What the Brochures Won’t Print
Let me be honest with you. I’m British. Which means I complain when it’s too cold, when it’s too hot, when the tea arrives thirty seconds late. I understand you.
Here is what you actually need to know:
The villa is not where you sleep. The villa is your weapon. If you book a ground-floor room with a tiny window facing a wall, you will suffer. If you book a villa with a plunge pool, a shaded courtyard, and a rooftop that catches the evening breeze, you will wonder why anyone goes anywhere else in August. Abalya’s properties are built for this. No compromise.

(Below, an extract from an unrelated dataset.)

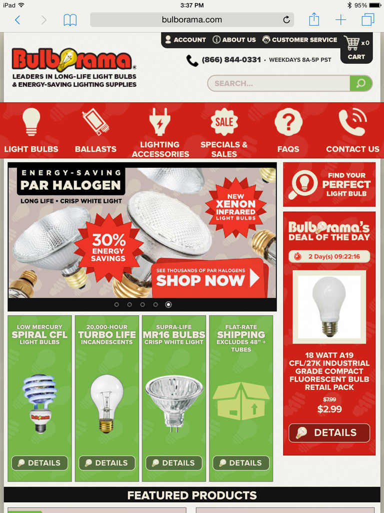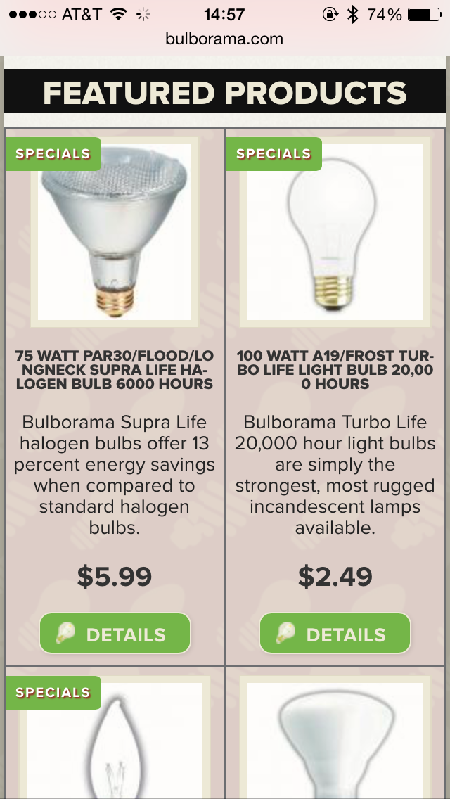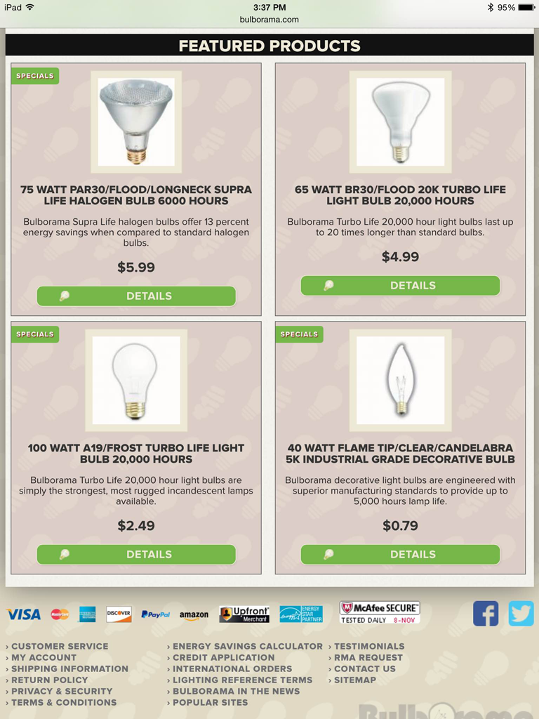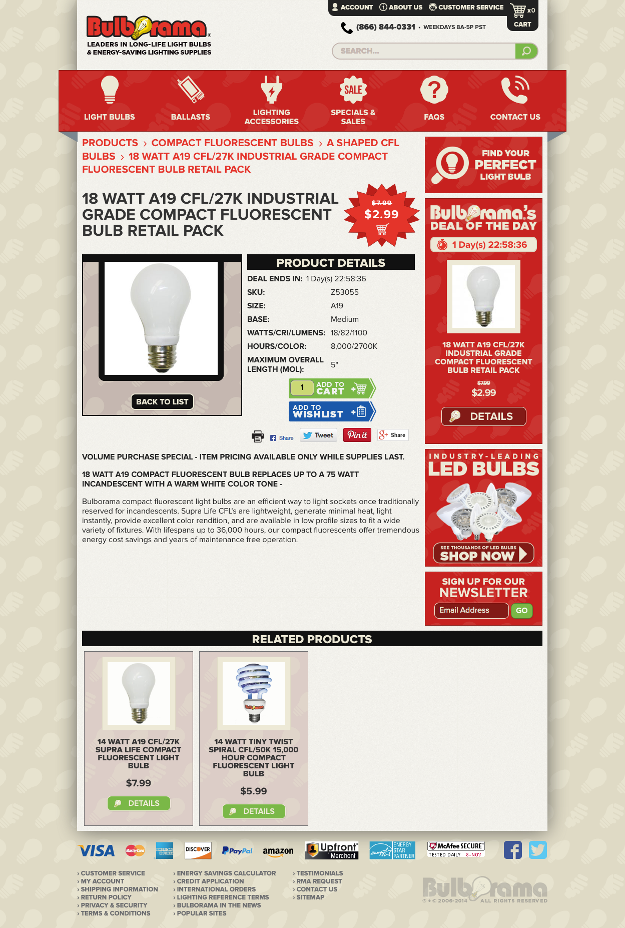 Bulborama is a leader in long-life light bulbs and energy-saving lighting supplies, based in Las Vegas. Redesigned and implemented design atop their hosted e-commerce platform, called CoreCommerce. Much additional work was done (and unfortunately extra JavaScript) to ensure proper responsive design.

The Atlas Mountains are a cheat code. Twenty-five minutes from the chaos, the temperature drops ten degrees. The Ourika Valley has waterfalls you can stand under. The Agafay Desert at sunset is stupidly beautiful and surprisingly cool after dark. Use this.
The food is not the enemy. The midday street stall selling three-day-old chicken? Yes, that’s the enemy. But a proper restaurant with a fan, cold water, and a waiter who doesn’t hate you? That’s heaven. Eat late. Eat inside. And for the love of God, eat the pastilla.
You will get lost. Good. The best things in Marrakech happen when your phone dies and you take a wrong turn into a courtyard full of stray cats and an old man selling fresh pomegranate juice. Don’t panic. Say salaam alaikum. Smile. You’ll find your way back.
The Verdict
Should you go to Marrakech in July?
Only if you want to feel like you’ve actually been somewhere. Only if you’re tired of sanitised, air-conditioned, risk-free travel that leaves you with nothing but a fridge magnet and a vague sense of disappointment.
The heat is real. So is the magic. But magic requires a little effort. A little planning. And a riad that gives a damn.
So book the flight. Pick the right room. Learn the rhythm. And when someone back home says “wasn’t it a bit hot?” you can smile and say:
“Not really. We knew what we were doing.”